The last two years witnessed a strong rally in the Indian markets. From the bottom of the panic reached in March 2020, the Nifty rose from 8,598 to 17,222 on March 28, 2022.
Sorting the data by market price shows that 29 companies outperformed Nifty and 21 underperformed the index. Last year, when Nifty’s returns were 19%, 30 stocks outperformed Nifty. In FY21, 29 stocks outperformed Nifty.
The best in the Nifty are Hindalco, followed by Tata Motors. They both zoomed in more than 5 times. Other stocks in the top 10 include JSW Steel, Tata Steel, Bajaj Finserv, Bajaj Finance, Wipro, Infosys, Grasim and Adani Ports.
Given the commodity boom, these stocks were expected to do well. Tata Motors is an exception as the commercial vehicle (CV) upper cycle has yet to materialize.
Now let’s take a look at the bottom 10. HUL, at -5% return, gets the wooden spoon. Nestlé with 14% is the second. Others are BPCL, Britannia, HDFC Life, Shree Cement, Kotak Bank, Coal India, Dr Reddy’s and HDFC.
HUL, Britannia and Nestlé are companies with deep moats and strong brands. No one doubts his pedigree. But its price performance has been lackluster. Also, in the heat of March 2020, these stocks would have melted less.
I have received dozens of memes about ITC without moving. The fact is that the ITC has risen 78% between March 20 and March 22 and 28% between March 21 and March 22.
We look at returns for the last 2 years, and for FY22 and FY21. Here are some points from our spreadsheet:
Apna time aayega is hope as the pendulum swings: There are several strategies in the market to make money. Some work and some underperform in various types of market cycles. You can classify them into various segments such as growth, value, quality at any price, quality at a fair price, and junk stocks at junk prices. There is no guarantee that your chosen strategy will always outperform.

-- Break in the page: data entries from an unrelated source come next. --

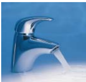
Waschtischmischer Talis-Elegance in Niederdruck-Ausführung

Unter der Signatur HQ präsentierten die Schwarzwälder jetzt ein spezielles Ausstattungsprogramm für das Hotelbad. Zum Sortiment gehören Aktiva-Hand- und Clubmaster-Kopfbrausen mit Durchflußbegrenzer-Set oder Ecostrahl, Metropol-Waschtischmischerarmaturen mit Durchflußbegrenzer auf 6 l/min., Ecostate mit Ecostop-Taste, Hand- und Kopfbrausen mit Quiclean- oder Rubit-Reinigungsfunktion sowie chemikalienbeständige Schieber und Wandstützen. Die Handbrausen
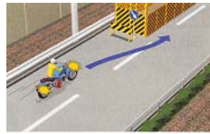
障害物を避けるとき
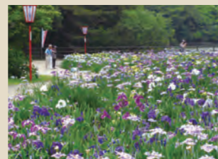
●大池公園花しょうぶまつり 地形を生かした花しょうぶ園に、128種類約8,000株が咲き誇ります。
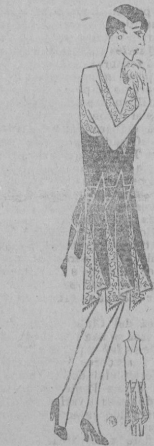
VESTIDO.—Vestido de crepon de china azul lavable y encaje plata. Paños levantados.
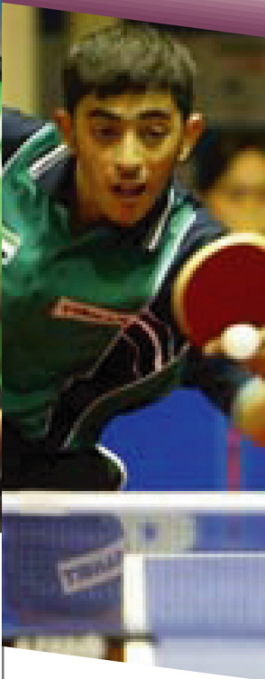
HASSAN Rashed 哈生

Country / Region 國家 / 地區: U.A.E. Emirates 阿聯酋
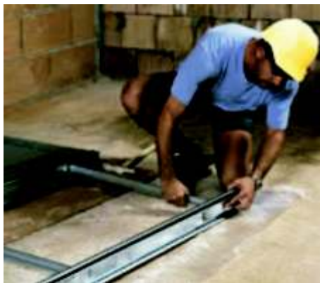
Faza 10 całość konstrukcji jest gotowa do montażu
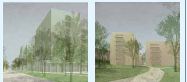
Zone M Thurn en Taxis. Winnend project © awg | SBa | noA

betere communicatie rond geslaagde projecten die het goede voorbeeld geven en kunnen inspireren."
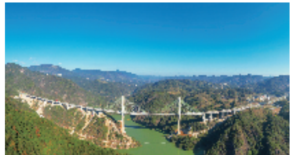
景文高速高岭头水库大桥
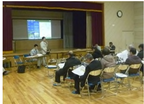
宅地防災勉強会イメージ
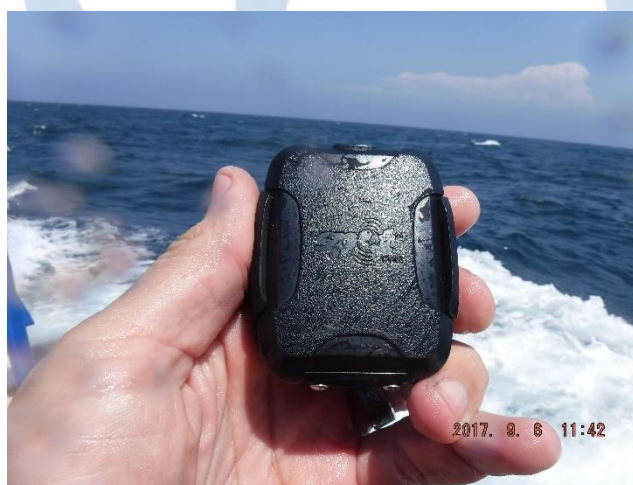
Figura 6.- Rastreador satelital SPOT Tracker a ser instalado en boya Tether .

Para seguir rastreando la boya Tether , el equipo de investigadores se propuso a instalar el rastreador satelital SPOT Tracker (Fig. 6) que llevaron de respaldo. Nos aproximamos por la banda de babor de la EM Rigel a la boya Tether , procediendo el Ocean. Rodrigo Alcaraz a abordar la boya (Fig. 7), instalar el nuevo rastreador satelital SPOT en la base que para tal fin se encontraba en la torre metálica, lanzarse al agua y nadar de regreso a la EM Rigel , recalcando que el Ocean. Alcaraz portaba su traje para buceo en todo momento, para seguridad durante dicho proceso.
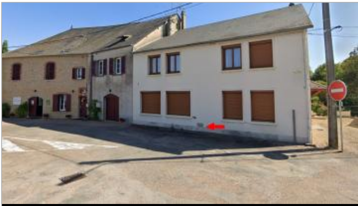
Plaque sur la maison du 1 Place Pierre Saury, en 2024
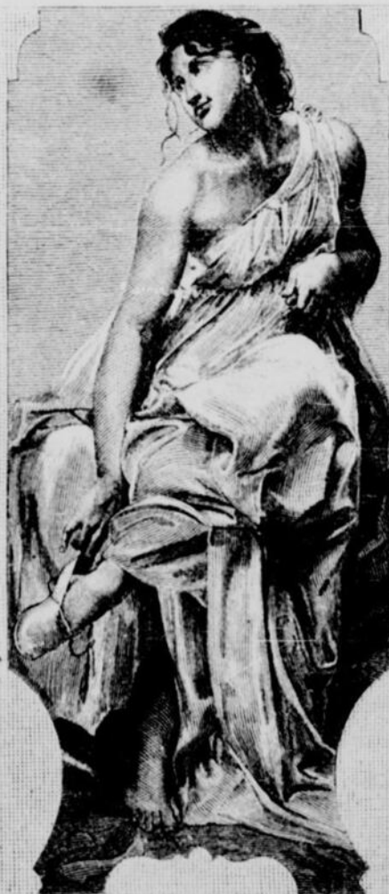
TERPSICHORE (La Danse)
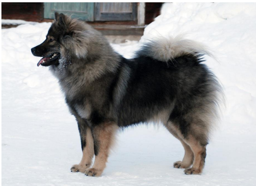
Bild på tik med bra tassar.

Baktassarna skall vara ovala, slutna och måttligt välvda. Klorna skall vara kraftiga och mörkpigmenterade. Trampdynorna skall vara hårda, tjocka och ha svart pigment. Pälsen mellan trampdynorna skall vara tjock.
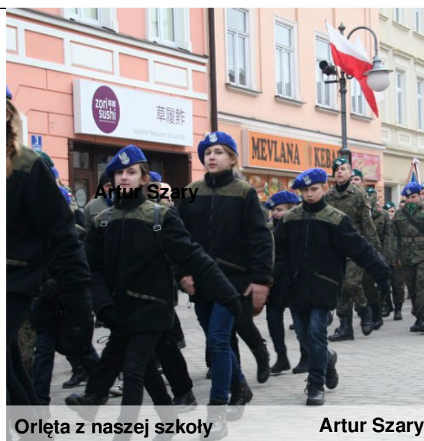
Orląta z naszej szkoły
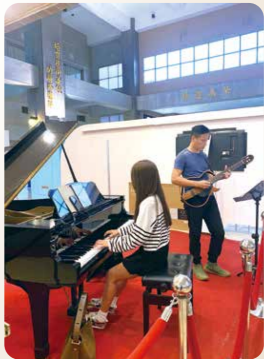
醫療大樓大廳的音樂表演區，安排藝術家、音樂志工定期演奏。

透過以上種種措施，高榮企盼能更好地照顧病患的情緒與精神需求，塑造出具有人文氣息的醫療環境，透過藝術、文化與人文關懷，提升病患、家屬與醫護人員的良好互動，讓病人及家屬感覺到醫院不是冰冷環境，而是充滿人文氣息的生命之美。
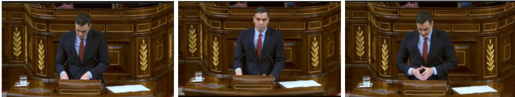
Imagen 53. Fuente: Congreso de los diputados. (2020). Expone la línea cronológica de actuación. Gesto ilustrador y gesto regulador.

Sánchez coloca las manos en “V” señalando al suelo, un gesto ilustrador que refleja autoridad.
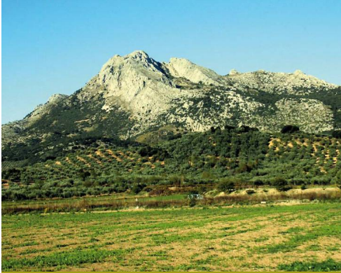
La Sierra del Jobo y el Pico Chamizo desde la nava de Alfarnate
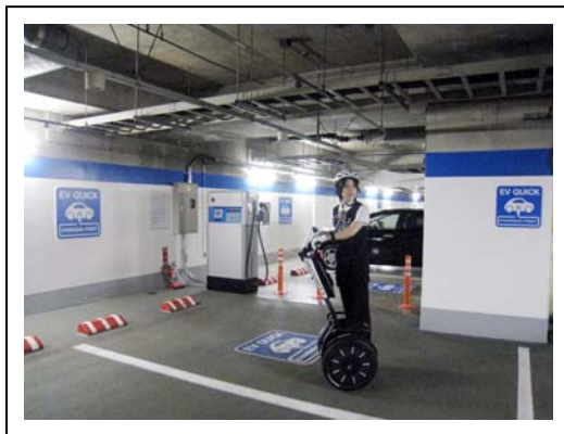
今回導入したセグウェイ

三菱地所は、ランドマーク駐車場に県内最大の電気自動車充電設備を設置、運用しているなど、ランドマークタワーを中心に、みなとみらい地区において環境に配慮した安心安全で地域と共生したまちづくりを目指しています。
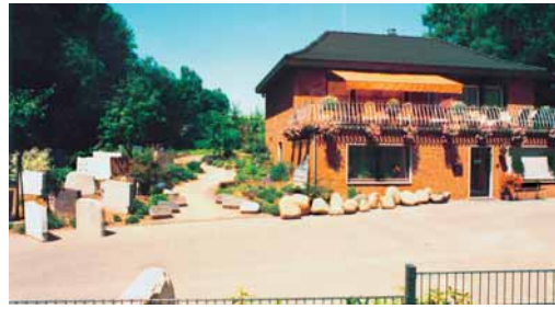
Die Steinbildhauerei Wirtz in Haltern am See
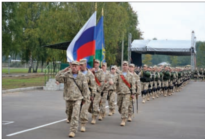
РОССИЙСКИЕ ДЕСАНТНИКИ – УЧАСТНИКИ СОВМЕСТНОГО УЧЕНИЯ С КОЛЛЕКТИВНЫМИ СИЛАМИ ОПЕРАТИВНОГО РЕАГИРОВАНИЯ ОДКБ «ВЗАИМОДЕЙСТВИЕ», СЕНТЯБРЬ 2013 ГОДА, РЕСПУБЛИКА БЕЛАРУСЬ

седневных мероприятий оперативной и боевой подготовки навыки апробируются в ходе регулярно проводимых учений с различными категориями формирований коллективных сил. Ежегодной традицией стало проведение на полигонной базе государств – членов ОДКБ совместных учений «Взаимодействие» с Коллективными силами оперативного реагирования (КСОР) ОДКБ (рис. 3), «Нерушимое братство» с миротворческими контингентами. Регулярно проводятся тактико-специальные учения «ГРОМ» с антинаркотическими подразделениями и «Кобальт» со спецподразделениями органов внутренних дел, включенных в состав КСОР ОДКБ. Впервые в 2013 году на территории Республики Казахстан проведено совместное учение спасательных подразделений государств-членов на базовом полигоне ОДКБ «Скальный город – Астана». Перечень и тематика проводимых в формате ОДКБ совместных мероприятий боевой подготовки из года в год расширяется и совершенствуется в соответствии с современными требованиями.
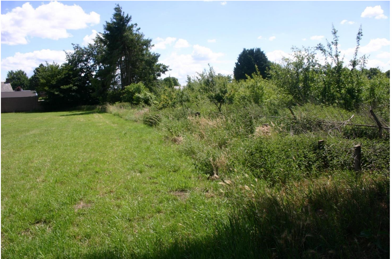
Figuur 4.4.3. De houtsingel op de westgrens van het plangebied is te laag om een belangrijke functie voor vleermuizen te vervullen.

Holle bomen zijn ook afwezig; het is daarom uitgesloten dat er echte vleermuisverblijven (of uilennesten etc.) elders in het plangebied aanwezig zijn. Ook rondom het plangebied zijn (in een straal van 100 meter) geen uilen- of roofvogelnesten aanwezig. Op de westgrens van het plangebied bevindt zich een houtsingel met enkele bomen (o.a. Servische spar) en meerdere struiken (zie figuur 4.4.3). Deze zijn te laag om als vliegroutes of belangrijk foerageergebied van vleermuizen te dienen. Tijdens het veldbezoek werden zwartkop, merel, tjiftjaf en houtduif in het plangebied waargenomen. Waarschijnlijk broeden er in het broedseizoen wel algemeen voorkomende vogels zoals de merel in de opgaande vegetaties in het plangebied.
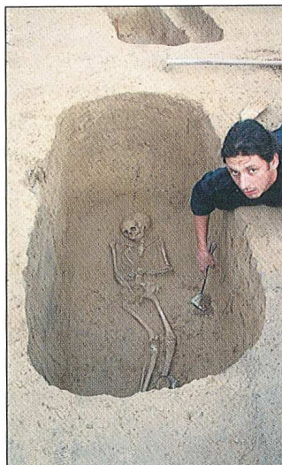
Sl. 1.2 grob 126
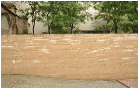
< 2-8 흙 다짐벽(콜롬바 미술관)>

흙은 자연에서 쉽게 구할 수 있는 요소로 사용 방법에 따라 다양하게 쓰인다. 실내 공간에서 실내 조경을 구성 할 때에 흙을 사용하여 자연 친화적 분위기의 공간을 연출하기도 하고, 실내 공간에서 흙으로 만든 재료인 벽돌이나 황토는 마감재로 주로 사용되고 있다. 실내 공간에 황토를 마감재로 사용하면 실내 공간의 질이 개선되어 친환경적인 효과를 낼 수 있는 특징이 있다. 또한 흙은 다양한 색과 질감을 이용하여 자연 친화적 감각을 느낄 수 있게 공간에 적용되기도 한다. 흙의 다양한 텍스처와 축조법으로 타 재료와 함께 벽에 부조 및 조각을 하여 추상적, 행동적, 기하학적, 상징적으로 예술적 창조와 융화되어 다양한 공간의 조형요소로 나타내기도 한다. 33)
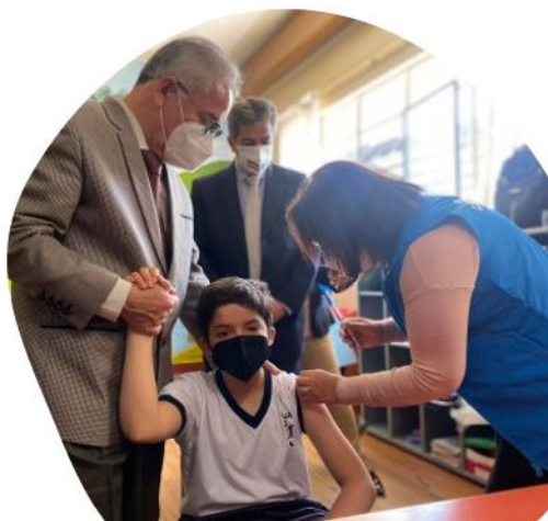
Proceso de vacunación a estudiantes en la Zona 7-Educación 2021

El proceso de vacunación para prevenir el Covid-19 se constituye en un programa de prioridad alta para el Estado Ecuatoriano, así como un elemento indispensable para garantizar el retorno presencial a actividades educativas en todo el país. Es importante destacar que la vacunación es universal y gratuito, constituyéndose en un derecho ciudadano.
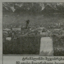
ტრამპლინი მუშედეგების 80 ათასი მავრეწველი მუშედეგად

დენგბეტი აღმოჩნდა მუშედეგად კანადისა და სსრკ-ს შორის, რომელიც საციფლი-მათების რედალი მინდარეობდა. მისი მუშედეგები 0-1-ს, 12-ს და მოხლოდ 39-ე ნეკლო ვიარჩეს სტანტინოვმა გათამაზა ანგარის, მესამე პროტოგის დასაწყისში კი ვენიამო აღლასანდროვმა გამარჯვების გული გაიხსნა - 32 და სსრკი შერბულა კანადის ოლიმპიური ჩემპიონი გახდა და ოლიმპიური ჩემპიონი გახდა.
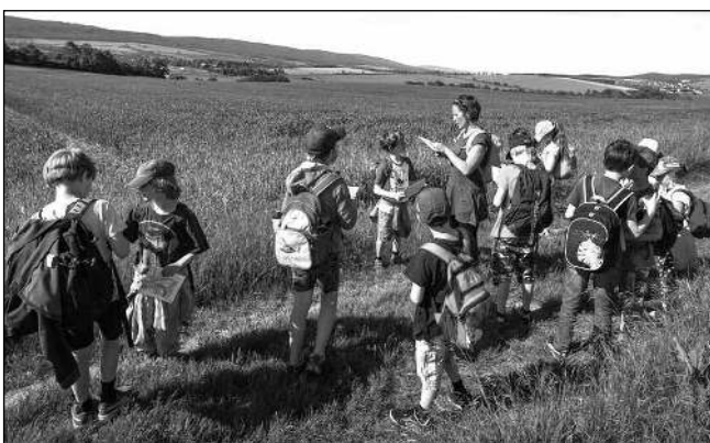
SMĚR BĚLEČ. Zadnotřebská školáci na cestě k bělečské farmě Homolka.

V pátek 4. června se tak vydali žáci 2. a 3. ročníku na poznávací vycházku do Bělé na zdejší farmu Homolka. Každý dostal ve škole svou mapu okolí, naučili jsme se topografické značky a snažili se orientovat, kde se právě nacházíme. Za krásného slunečného počasí jsme za necelou hodinku dorazili do Bělé, kde jsme si pohladili čerstvě narozená telátka a zakoupili sýrové dobroty z místní výroby. Cestou domů jsme si ve Vatinách udělali piknik a smočili no-
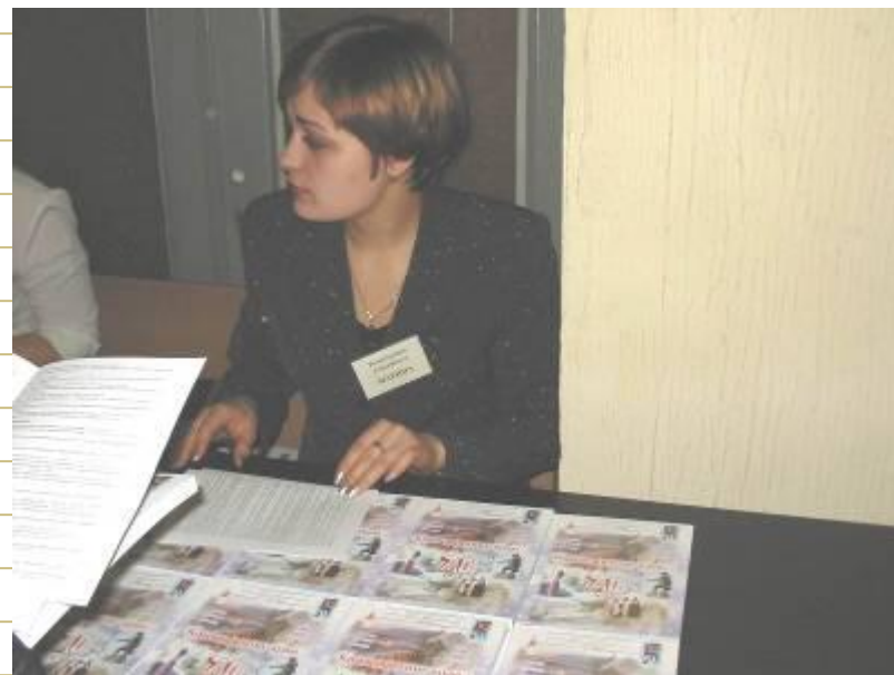
Межвузовская конференция к 70-летию края
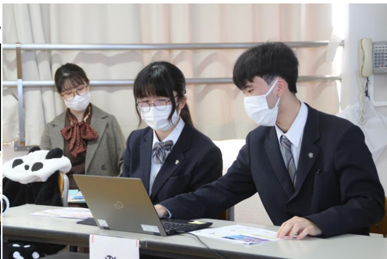
睡眠について発表する3年生徒(右写真)とその発表に対して助言などをするアドバイザー(左下写真:左端)=3年教室
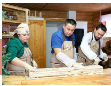
Азы изготовления белевской пастилы

Вторую половину дня делегация провела в Ясной Поляне и Тульском кремле. Наши гости посетили музей-усадьбу Л.Н. Толстого, проявили интерес к тульским брендам и традициям.
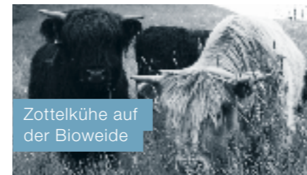
Zottelkühe auf der Bioweide
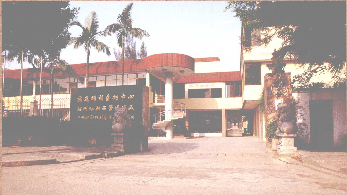
福州雕刻工藝品總廠，是我國工藝美術的重點企業之一，省、市對外文化藝術交流的主要窗口。
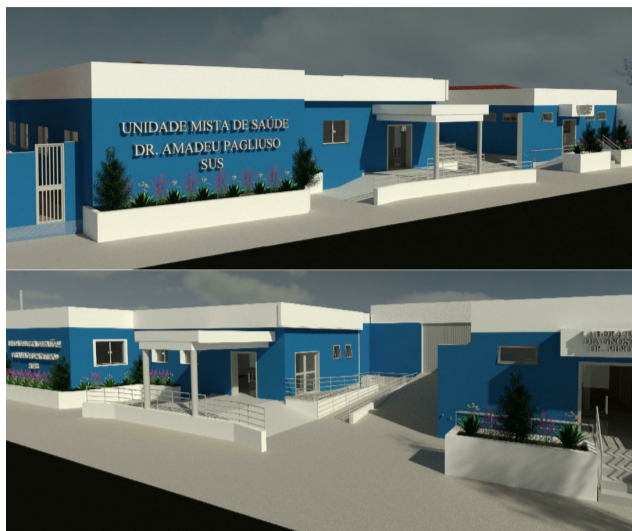
Projeto mostra como ficará a fachada do hospital quando as obras tiverem concluídas.

“Após 33 anos o hospital ganhará, de forma simultânea, os serviços de diagnóstico de imagem com a aquisição de um moderno Raio X Digital DR e de um aparelho de ultrassonografia
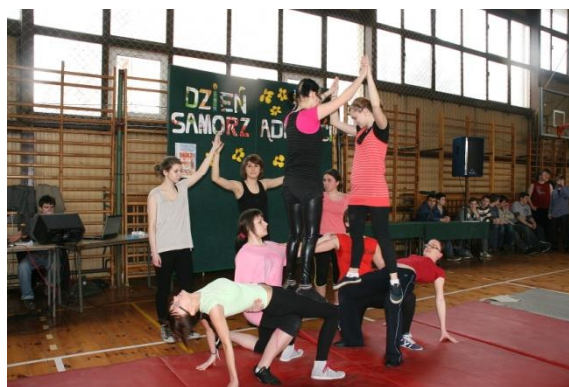
Dzień samorządności, 03.2010.

loterie fantowe. W 2010 roku uczniowie z SU uruchomili w liceum kawiarenkę „Zakłète rewiry”, która jest chętnie odwiedzana przez uczniów i nauczycieli. Pod życzliwą opieką p.
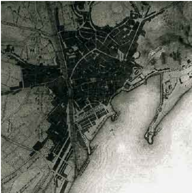
Plano de Antonio de Mesa, 1863.
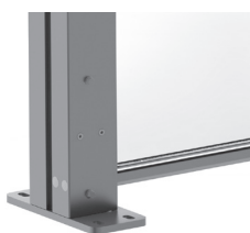
Standardfot Höger / Vänster
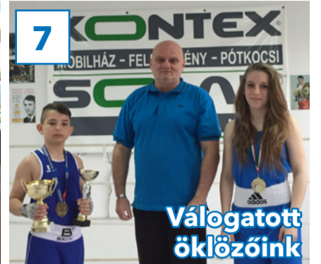
7 Válogatott öklözőink
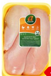
Филе цыпленка- бройлера АКАШЕВО , охлажденное (Акашевская ПТФ), 1кг

Don’t try everything, everywhere at the same time: Choose your style and stick to it. If you keep changing your style according to the latest trends, the probability of losing is high. Scheduling your stocks and changing your investment strategy frequently based on the latest fad can be detrimental to your financial health.
Crash and unexpected gains: The market operates in two modes: with risk and without risk. In a risk mode, also known as a bull market, so-called risky stocks, such as commodities and those sensitive to the rate cycle, perform well. Everything is at a rally. Sometimes the worse the quality of the stock, the better its performance. When the market is trading in a risk-off mode, or a sideways or bearish market, defensives like FMCG and pharmaceuticals come into play.
In retrospect, everything is much clearer: Unfortunately, whether the market is trading in risk-on or risk-off mode, more is known in hindsight. Is the current downtrend a correction or a trend reversal? The answer is only visible towards the end.
Risk there toh…: Clearly, over the past year, we have been in risk mode, helped by an unexpected rally in commodity stocks.
Not a penny more, not a penny less: Good companies don’t need to translate into good stock to buy. Case in point is HUL; Exceptional management, great brands, strong distribution, and yet in a raging bull market, it’s the only stock to give negative returns. I belong to the camp that believes in the importance of the price of entry. If you buy a great company at a not so good price, it will hurt you for a long time, just as a HUL holder would have felt in the last 2 years. Frustration will drive investors to exit just before the returns kick in. There is nothing more frustrating than seeing the stocks in your portfolio do nothing while the rest of the world is partying.
Street full of surprises: In the stock markets, just when you think you’ve cracked the code, your algorithm fails; And believe me, they fail miserably. It can be summed up with this quote: I thought I knew all the answers, but God changed the quiz.